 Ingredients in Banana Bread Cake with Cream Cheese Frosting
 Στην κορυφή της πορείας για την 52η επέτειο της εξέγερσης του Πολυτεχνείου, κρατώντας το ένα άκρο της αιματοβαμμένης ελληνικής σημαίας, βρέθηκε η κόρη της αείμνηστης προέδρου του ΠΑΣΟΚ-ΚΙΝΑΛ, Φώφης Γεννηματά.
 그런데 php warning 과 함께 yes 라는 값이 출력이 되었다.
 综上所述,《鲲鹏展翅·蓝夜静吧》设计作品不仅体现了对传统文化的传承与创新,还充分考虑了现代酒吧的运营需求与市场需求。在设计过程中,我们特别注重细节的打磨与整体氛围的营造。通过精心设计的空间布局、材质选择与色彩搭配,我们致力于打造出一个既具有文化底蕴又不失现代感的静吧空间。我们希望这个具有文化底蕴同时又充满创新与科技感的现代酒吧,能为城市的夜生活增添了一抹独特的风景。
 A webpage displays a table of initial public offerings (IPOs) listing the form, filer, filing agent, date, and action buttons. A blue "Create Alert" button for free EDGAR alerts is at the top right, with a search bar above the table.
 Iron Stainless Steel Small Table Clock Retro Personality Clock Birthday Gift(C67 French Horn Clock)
---
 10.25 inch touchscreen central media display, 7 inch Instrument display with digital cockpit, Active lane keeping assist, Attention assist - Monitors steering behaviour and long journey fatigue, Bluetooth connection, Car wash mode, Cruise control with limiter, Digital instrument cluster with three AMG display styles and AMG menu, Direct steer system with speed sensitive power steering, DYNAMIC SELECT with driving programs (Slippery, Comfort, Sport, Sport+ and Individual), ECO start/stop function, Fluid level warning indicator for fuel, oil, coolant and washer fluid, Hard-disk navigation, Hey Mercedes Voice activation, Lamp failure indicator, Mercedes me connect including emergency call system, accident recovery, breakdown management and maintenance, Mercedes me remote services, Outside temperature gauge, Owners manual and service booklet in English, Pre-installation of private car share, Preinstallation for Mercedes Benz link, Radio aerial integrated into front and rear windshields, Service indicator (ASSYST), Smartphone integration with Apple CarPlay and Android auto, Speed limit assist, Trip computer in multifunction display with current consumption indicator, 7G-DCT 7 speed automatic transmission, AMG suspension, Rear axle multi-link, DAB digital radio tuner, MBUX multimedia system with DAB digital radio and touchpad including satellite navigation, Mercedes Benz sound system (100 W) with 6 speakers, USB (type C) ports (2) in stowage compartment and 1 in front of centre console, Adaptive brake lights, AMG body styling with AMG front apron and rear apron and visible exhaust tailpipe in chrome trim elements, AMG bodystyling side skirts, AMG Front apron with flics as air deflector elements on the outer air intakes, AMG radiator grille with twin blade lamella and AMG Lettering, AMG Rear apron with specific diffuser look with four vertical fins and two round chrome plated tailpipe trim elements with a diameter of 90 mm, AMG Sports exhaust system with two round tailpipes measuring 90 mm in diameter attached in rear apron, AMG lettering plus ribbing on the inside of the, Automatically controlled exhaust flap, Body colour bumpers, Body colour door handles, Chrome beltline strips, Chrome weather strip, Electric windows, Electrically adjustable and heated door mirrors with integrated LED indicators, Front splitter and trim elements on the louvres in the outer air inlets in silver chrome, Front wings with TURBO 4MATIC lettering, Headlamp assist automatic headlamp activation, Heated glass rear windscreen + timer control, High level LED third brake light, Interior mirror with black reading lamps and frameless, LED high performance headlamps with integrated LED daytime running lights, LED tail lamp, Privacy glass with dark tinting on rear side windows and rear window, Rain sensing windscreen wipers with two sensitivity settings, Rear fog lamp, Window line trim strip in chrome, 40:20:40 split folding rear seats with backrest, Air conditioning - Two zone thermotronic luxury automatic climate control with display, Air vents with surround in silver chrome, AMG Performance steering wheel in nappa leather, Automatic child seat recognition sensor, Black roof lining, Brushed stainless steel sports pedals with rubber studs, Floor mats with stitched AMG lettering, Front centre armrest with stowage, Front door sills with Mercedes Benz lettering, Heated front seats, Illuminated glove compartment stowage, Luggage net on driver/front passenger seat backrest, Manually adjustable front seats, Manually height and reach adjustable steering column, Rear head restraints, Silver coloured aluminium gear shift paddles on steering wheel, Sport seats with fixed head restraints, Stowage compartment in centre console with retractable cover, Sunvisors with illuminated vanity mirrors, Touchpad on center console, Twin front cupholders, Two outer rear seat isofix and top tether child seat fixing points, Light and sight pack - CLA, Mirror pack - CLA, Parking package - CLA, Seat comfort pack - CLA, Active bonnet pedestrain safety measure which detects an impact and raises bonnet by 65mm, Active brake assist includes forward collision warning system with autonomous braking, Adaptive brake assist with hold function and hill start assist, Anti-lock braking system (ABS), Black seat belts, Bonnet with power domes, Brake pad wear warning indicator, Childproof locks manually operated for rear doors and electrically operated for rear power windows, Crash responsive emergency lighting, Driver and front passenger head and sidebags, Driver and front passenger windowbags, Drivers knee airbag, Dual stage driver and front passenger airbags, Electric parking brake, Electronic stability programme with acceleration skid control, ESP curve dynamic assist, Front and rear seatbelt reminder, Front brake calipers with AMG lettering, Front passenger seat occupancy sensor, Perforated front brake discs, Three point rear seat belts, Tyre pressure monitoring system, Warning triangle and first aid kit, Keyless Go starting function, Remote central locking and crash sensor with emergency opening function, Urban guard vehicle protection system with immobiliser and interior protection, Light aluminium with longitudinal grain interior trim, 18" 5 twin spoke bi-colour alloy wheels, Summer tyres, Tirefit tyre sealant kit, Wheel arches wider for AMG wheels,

**TASK DIRECTIONS**
Extract exactly and only the lines above from the line containing "Στην κορυφή της" through the line containing "综上所述,《鲲鹏展翅·蓝夜静", both end lines included.

**ANSWER TO THIS EXERCISE**
 Στην κορυφή της πορείας για την 52η επέτειο της εξέγερσης του Πολυτεχνείου, κρατώντας το ένα άκρο της αιματοβαμμένης ελληνικής σημαίας, βρέθηκε η κόρη της αείμνηστης προέδρου του ΠΑΣΟΚ-ΚΙΝΑΛ, Φώφης Γεννηματά.
 그런데 php warning 과 함께 yes 라는 값이 출력이 되었다.
 综上所述,《鲲鹏展翅·蓝夜静吧》设计作品不仅体现了对传统文化的传承与创新,还充分考虑了现代酒吧的运营需求与市场需求。在设计过程中,我们特别注重细节的打磨与整体氛围的营造。通过精心设计的空间布局、材质选择与色彩搭配,我们致力于打造出一个既具有文化底蕴又不失现代感的静吧空间。我们希望这个具有文化底蕴同时又充满创新与科技感的现代酒吧,能为城市的夜生活增添了一抹独特的风景。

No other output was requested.